### WORK ITEM
Skip all pictures, then copy the lines from the start of the data through the line with "Gri ekose desenli, düğmeli", keeping both ends.

# # # #

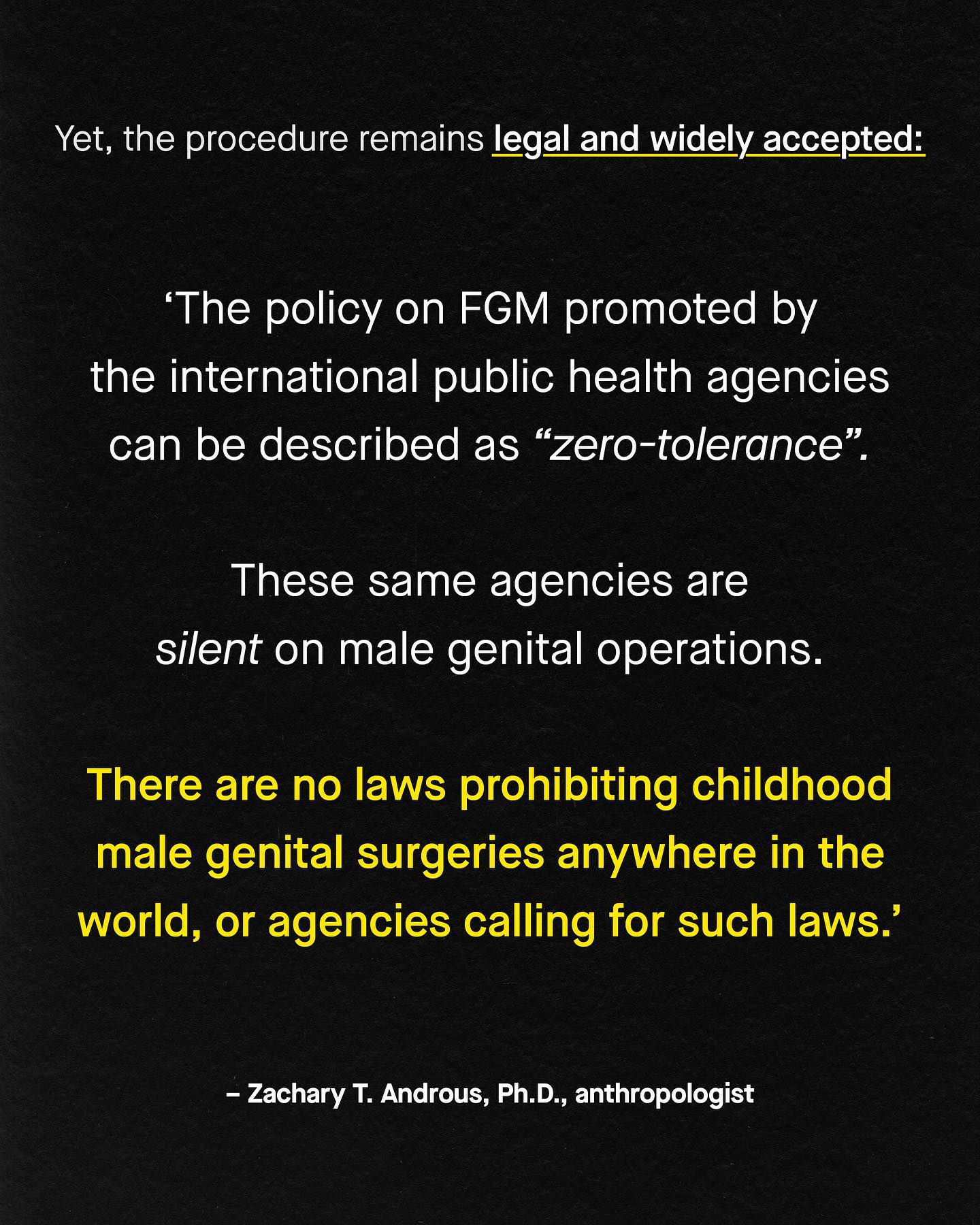 The concept of #bodilyautonomy might seem alien to the discussion of men and boys, until you consider that most American boys have theirs violated in their first days of life. I am talking about male circumcision, which remains widely socially accepted around the world. By no means is this just in America, as over a billion men and boys have been circumcised across the globe; a procedure with few (if any) medical benefits, that is usually carried out for a mix of cultural, religious and aesthetic reasons. Often times these procedures, especially some of those in the developing world, can be truly horrifying, and genuinely traumatising to boys – yet there is not one single law criminalising the procedure. Why not? Is this not a glaring violation of bodily integrity and human rights? Meanwhile, the data continues to stack up against it, with spurious studies that spread misinformation overturned. For example, Abraham Wolbarst's promotional claims that circumcision prevented penile cancer ‘were false and mislead the medical community for decades.’ More and more national medical organisations speak out against male circumcision – describing it as ‘an assault’, or ‘a violation’ on a boy’s ‘right to make decision about his own body’. But will things ever change within public attitudes, and when? To be clear, public acceptance of circumcision is waning – 10% of Americans opposed it in 2010, in 2019 it had grown to 15.9% – but is this fast enough? So what are your thoughts? Are boys not entitled to the same right, choice and autonomy as girls? [1] [2] [3] [4] [5] [6] [7] [8] Zachary Androus PhD Circumcision trends Images by Gradienta, Black Kiwi Hug, Haithem Ferdi, JC Gellidon, Ray Zhou and Taisia Shestopal from Unsplash. #mybodymychoice #bodilyautonomy #intactivist #intactivism #intact #humanrights
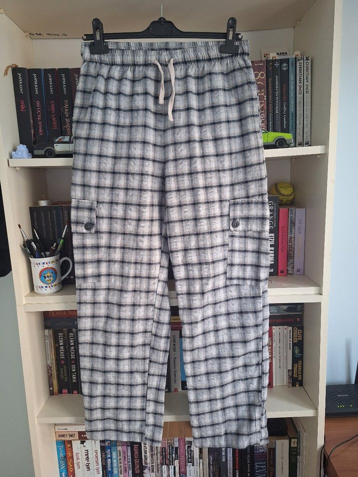Gri ekose desenli, düğmeli cepli ve lastikli bel bantlı rahat erkek pijama altı, konforlu ve günlük tarzda.
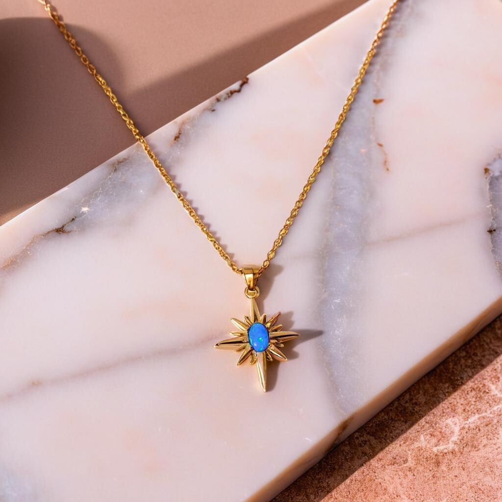 Add celestial charm to your style with our stunning North Star Blue Opal Pendant Necklace. Crafted with care and elegance, this dazzling starburst pendant features a captivating synthetic blue opal-like gemstone that shimmers beautifully in the light. Suspended from a 45+5cm adjustable gold-tone cable chain, it’s perfect for layering or wearing solo. ✨ Features: Pendant Size: 22mm (Length) x 17mm (Width) Chain Type: Gold tone Cable Chain, adjustable from 45cm to 50cm Design: Starburst/North Star motif with oval blue opal-like centre stone Style: Modern, minimalist and celestial – perfect for both day and evening wear Closure: Lobster clasp for secure and easy fastening Ideal For: Gifting, everyday wear, celestial jewellery lovers, birthdays, anniversaries 🎁 Why You’ll Love It: Eye-catching North Star design symbolising guidance and protection The synthetic opal centre catches the light with magical iridescence Comfortable, lightweight, and elegant enough for all occasions Makes a thoughtful gift for someone special – or a treat for yourself! 💝 Ships from the UK with care – Ready to wear or gift!
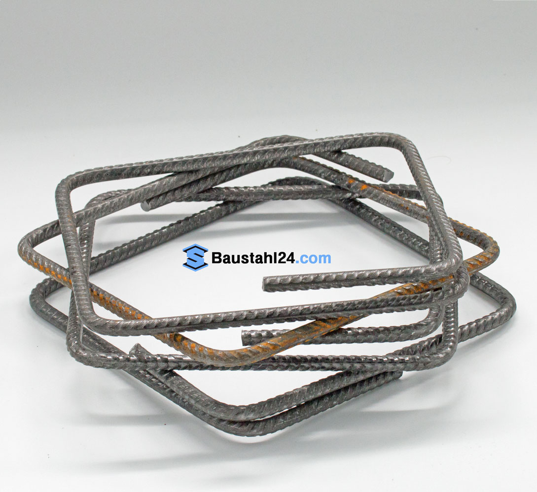 Am häufigsten sind rechteckige oder quadratische Bügel, je nach Querschnitt des Bauteils. In Sonderfällen werden auch runde, L-förmige oder gebogene Varianten eingesetzt, angepasst an statische und geometrische Vorgaben.
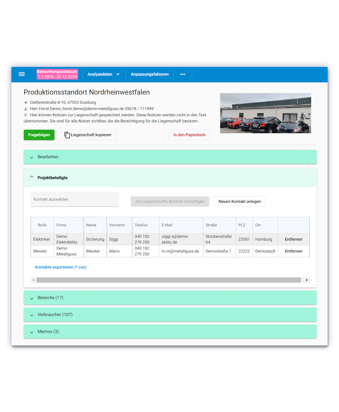 Als erste Schritte werden ein Kunde und eine Liegenschaft für diesen Kunden angelegt. Das wäre schon alles was wir brauchen um mit dem Erfassen von Verbrauchern zu beginnen, aber wir können auch:
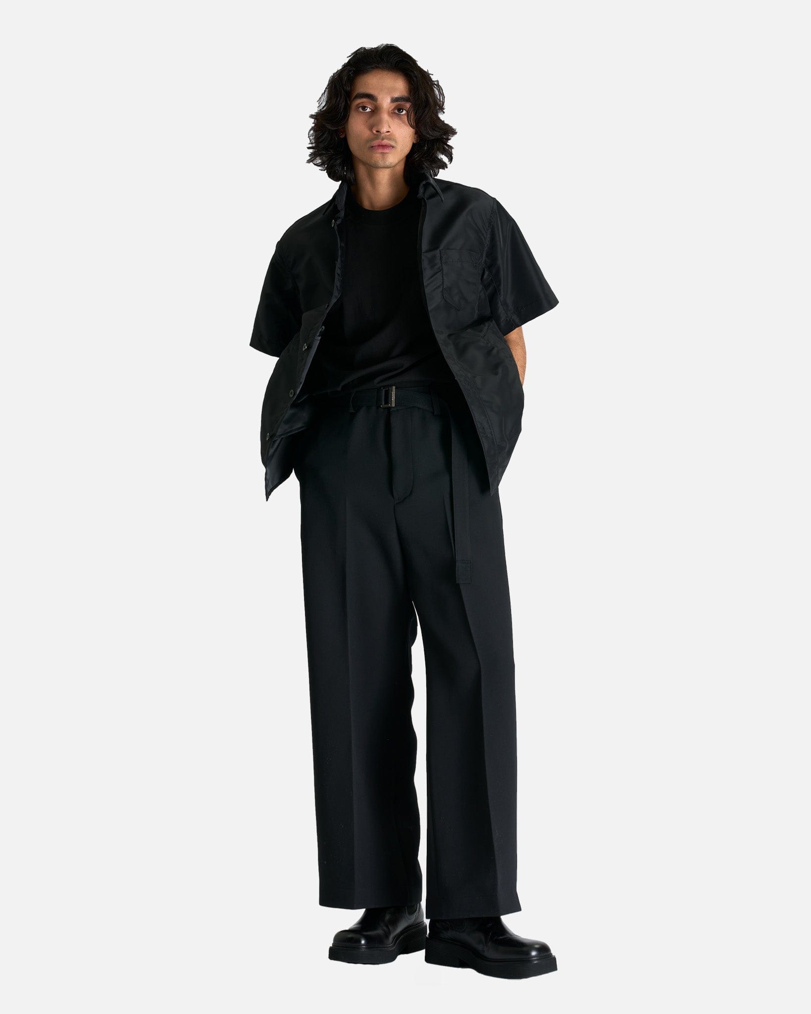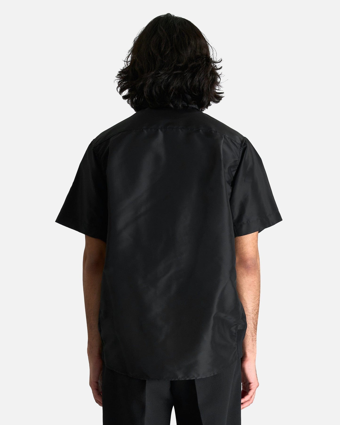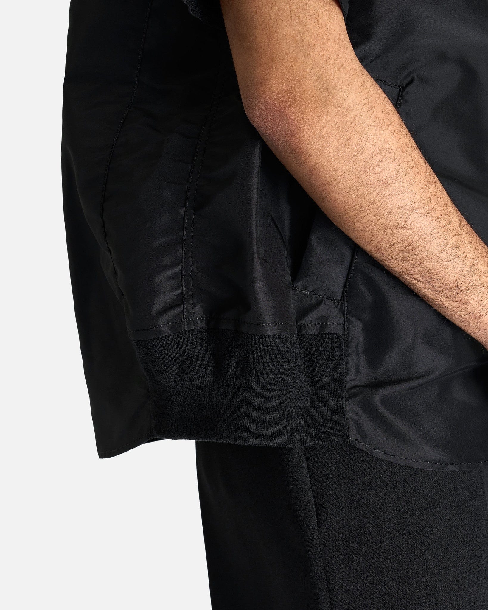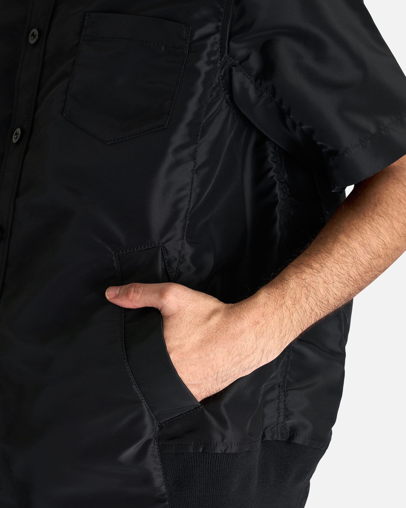 Sacai Nylon Twill Shirt in Black. This padded top features a spread collar, front button closure, patch pocket on the chest, rib knit paneling on the side hems and pleating on the back yoke.
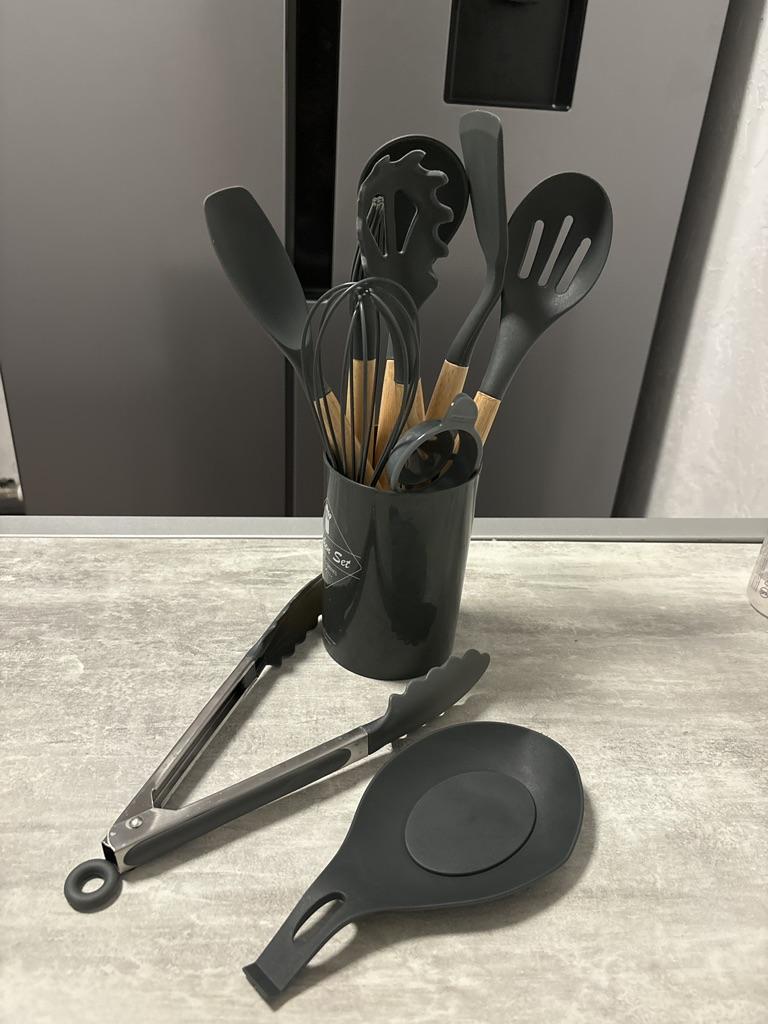Хороший набор, качественный. Деревянная ручка, а все остальное сделано из пластика, края силиконовые, что очень удобно при помешивании. Подставка для ложек полностью силиконовая. В наборе много элементов повторяющихся, половину отложили, половиной будем пользоваться сразу.
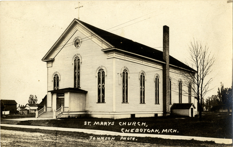 View of the St. Mary's Catholic Church in Cheboygan, Michigan. Printed on front: "St. Mary's Church, Cheboygan, Mich. Johnson, photo." Handwritten on back: "Just to let you know we got here OK and having a fine time. One puncture on the way down not so bad. Hey? Regards to your mother & all, Mr. & Mrs. Redmond." Card is postmarked October 20.
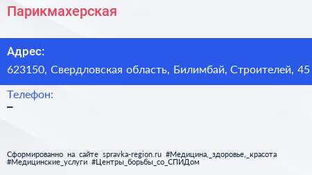 Парикмахерская по адресу 623150, Свердловская область, Билимбай, Строителей, 45 в дальнейшем Организация, размещена в следующих категориях:
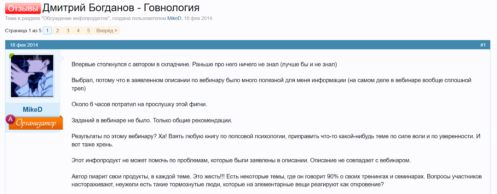При рассмотрении того, какие Дмитрий Богданов отзывы получил на внешних источниках, можно отметить, что многие остаются недовольными качеством обучения. Много негативных откликов говорит о том, что обещанные результаты не достигаются, а рассматриваемый материал оказывается бесполезным. Поэтому достаточно многие клиенты указывают, что Дмитрий Богданов – инфоциган.

# # # #

### ANSWER TO THE EXERCISE
 The concept of #bodilyautonomy might seem alien to the discussion of men and boys, until you consider that most American boys have theirs violated in their first days of life. I am talking about male circumcision, which remains widely socially accepted around the world. By no means is this just in America, as over a billion men and boys have been circumcised across the globe; a procedure with few (if any) medical benefits, that is usually carried out for a mix of cultural, religious and aesthetic reasons. Often times these procedures, especially some of those in the developing world, can be truly horrifying, and genuinely traumatising to boys – yet there is not one single law criminalising the procedure. Why not? Is this not a glaring violation of bodily integrity and human rights? Meanwhile, the data continues to stack up against it, with spurious studies that spread misinformation overturned. For example, Abraham Wolbarst's promotional claims that circumcision prevented penile cancer ‘were false and mislead the medical community for decades.’ More and more national medical organisations speak out against male circumcision – describing it as ‘an assault’, or ‘a violation’ on a boy’s ‘right to make decision about his own body’. But will things ever change within public attitudes, and when? To be clear, public acceptance of circumcision is waning – 10% of Americans opposed it in 2010, in 2019 it had grown to 15.9% – but is this fast enough? So what are your thoughts? Are boys not entitled to the same right, choice and autonomy as girls? [1] [2] [3] [4] [5] [6] [7] [8] Zachary Androus PhD Circumcision trends Images by Gradienta, Black Kiwi Hug, Haithem Ferdi, JC Gellidon, Ray Zhou and Taisia Shestopal from Unsplash. #mybodymychoice #bodilyautonomy #intactivist #intactivism #intact #humanrights
Gri ekose desenli, düğmeli cepli ve lastikli bel bantlı rahat erkek pijama altı, konforlu ve günlük tarzda.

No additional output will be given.